Saved entries
___
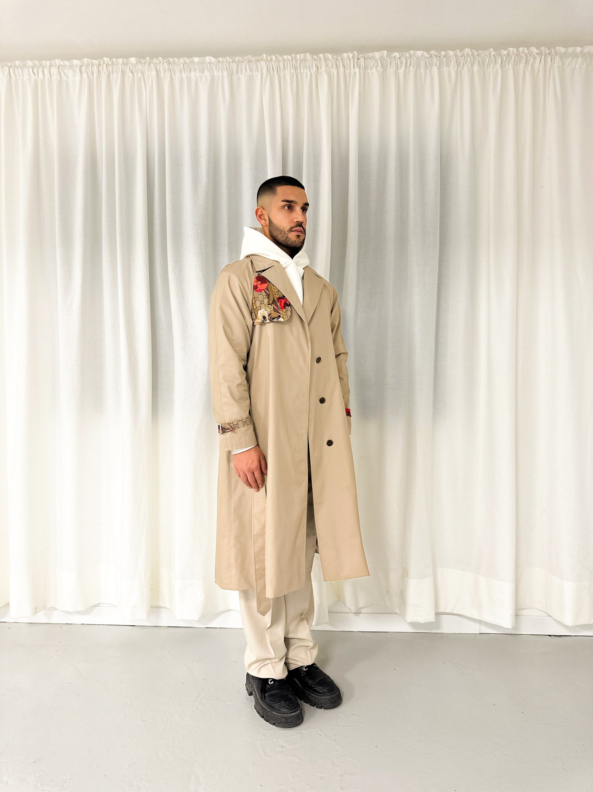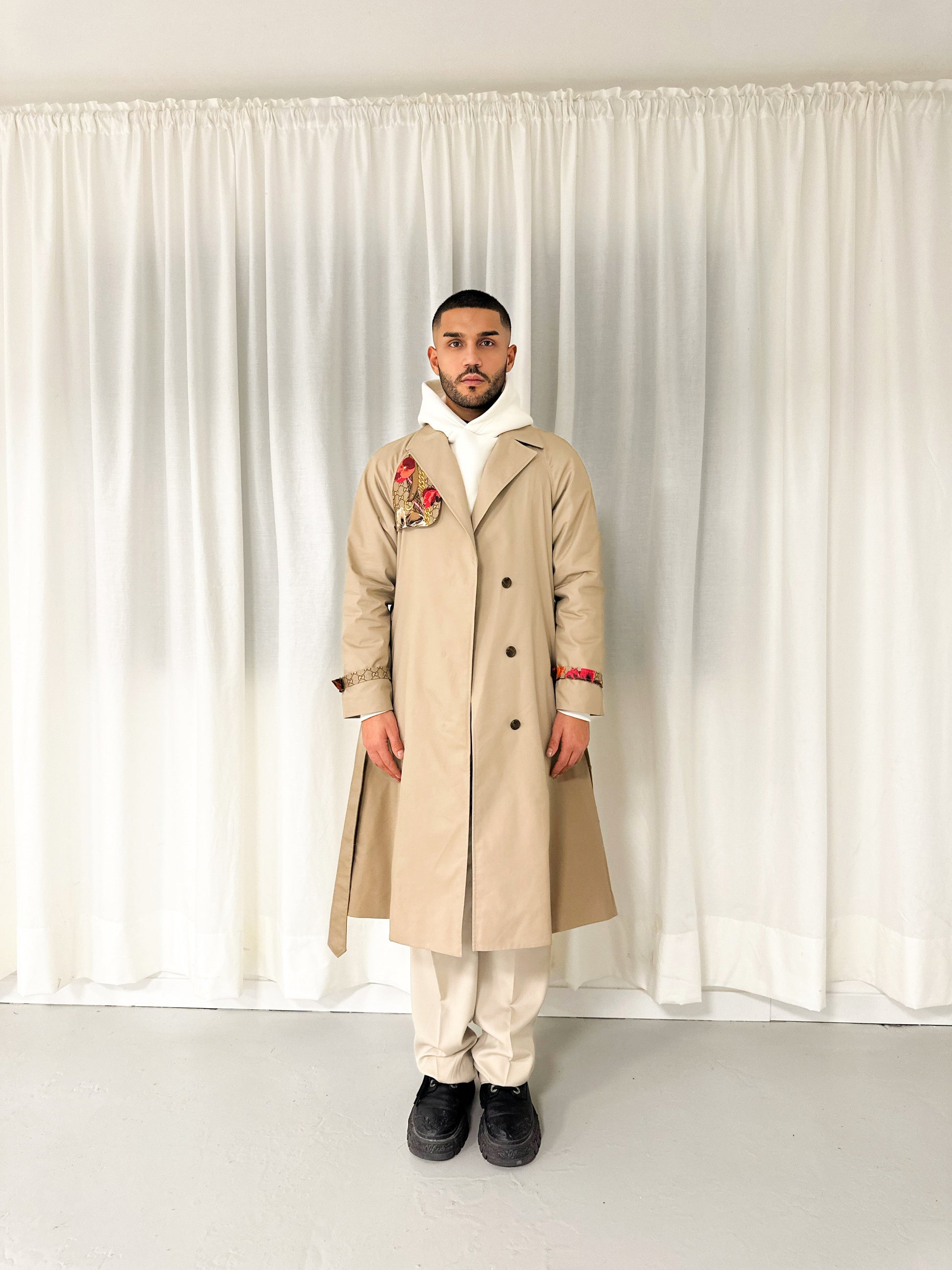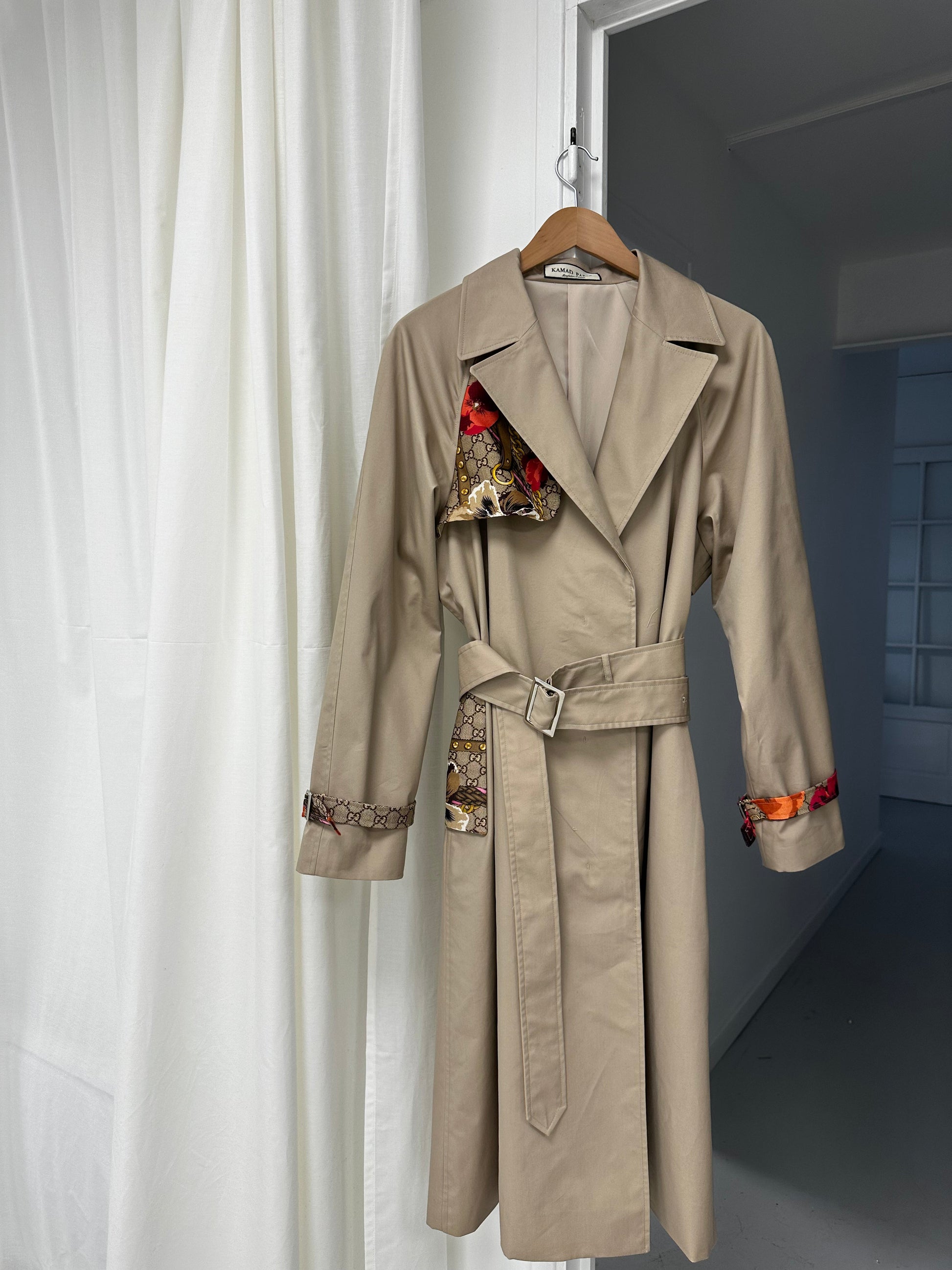 Trench upcyclé avec empiècement de toile d'une valise ou de châle
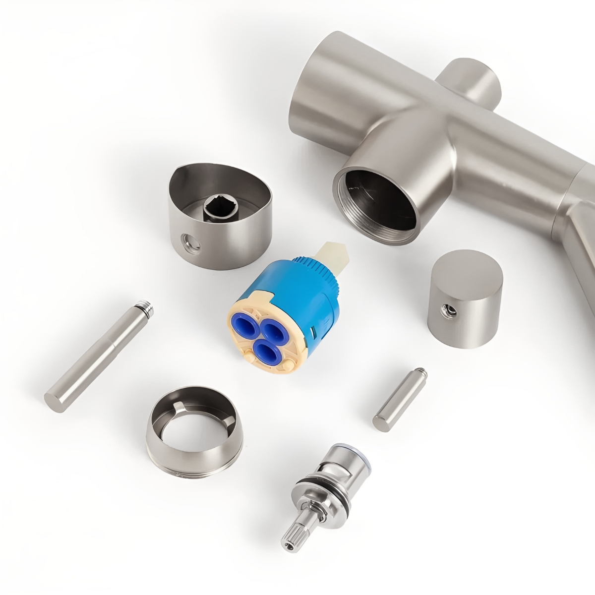 Construida con una combinación de latón, e íntegramente de bronce, esta grifería garantiza resistencia estructural, larga vida útil y una terminación de alto nivel.
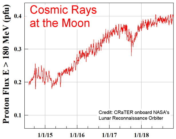 Mit dem fortschreitenden Jahr 2019 sieht es so aus, als würde sich das solare Minimum immer mehr vertiefen. Kosmische Strahlung haben zwar noch nicht den Rekord des Raumfahrt-Zeitalters 2009-2010 gebrochen, liegt aber nur noch wenige Prozentpunkte unter den höchsten, jemals von CraTER gemessenen Werten.
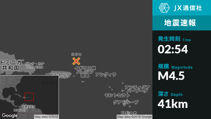 3月07日 02:54頃、プエルトリコのCulebraから北111kmの地点でM4.5の地震がありました。
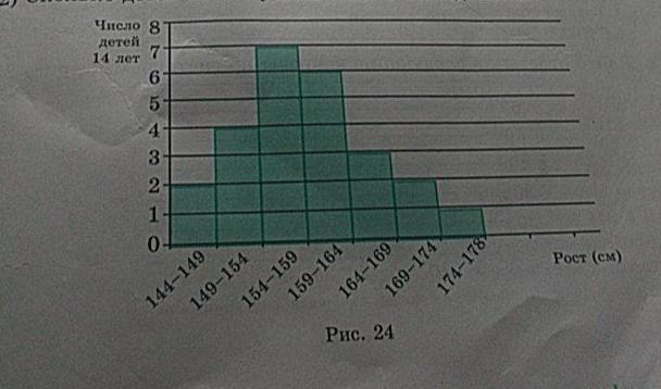 Ответ:6 детей рост имеют не менее, и нее более 164 см
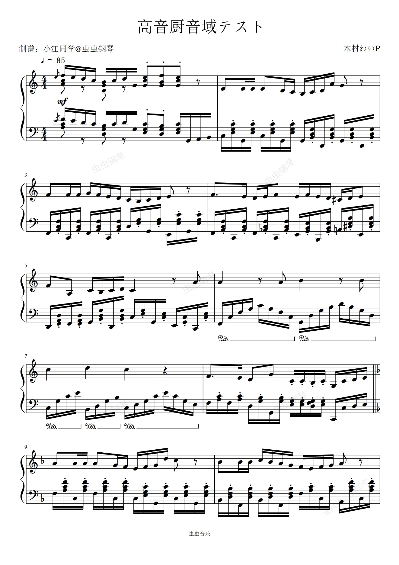钢琴谱:高音厨音域テスト 木村わいP
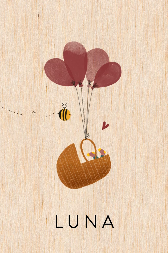 Een lief feestelijk geboortekaartje met een mandje en ballonnen, gedrukt op 1 mm dik berkenhout. Goed om te weten: • Elk kaartje is verschillend omdat hout een natuurlijk product is. • Minimum oplage is 20 stuks. • Deze kaart heeft een langere verzendtijd: voor 17.00 uur besteld = de volgende werkdag gedrukt en verzonden. • Het is technisch niet mogelijk om wit te drukken, gebruik dus geen wit. • Dit formaat houten kaartje heeft meestal 1 postzegel nodig, maar weeg jouw pakketje zelf na! Voor verdere vragen: stuur me even een berichtje!
___
Every entry above needs to be duplicated exactly, without its images.

 Trench upcyclé avec empiècement de toile d'une valise ou de châle
 Construida con una combinación de latón, e íntegramente de bronce, esta grifería garantiza resistencia estructural, larga vida útil y una terminación de alto nivel.
 Mit dem fortschreitenden Jahr 2019 sieht es so aus, als würde sich das solare Minimum immer mehr vertiefen. Kosmische Strahlung haben zwar noch nicht den Rekord des Raumfahrt-Zeitalters 2009-2010 gebrochen, liegt aber nur noch wenige Prozentpunkte unter den höchsten, jemals von CraTER gemessenen Werten.
 3月07日 02:54頃、プエルトリコのCulebraから北111kmの地点でM4.5の地震がありました。
 Ответ:6 детей рост имеют не менее, и нее более 164 см
钢琴谱:高音厨音域テスト 木村わいP
 Een lief feestelijk geboortekaartje met een mandje en ballonnen, gedrukt op 1 mm dik berkenhout. Goed om te weten: • Elk kaartje is verschillend omdat hout een natuurlijk product is. • Minimum oplage is 20 stuks. • Deze kaart heeft een langere verzendtijd: voor 17.00 uur besteld = de volgende werkdag gedrukt en verzonden. • Het is technisch niet mogelijk om wit te drukken, gebruik dus geen wit. • Dit formaat houten kaartje heeft meestal 1 postzegel nodig, maar weeg jouw pakketje zelf na! Voor verdere vragen: stuur me even een berichtje!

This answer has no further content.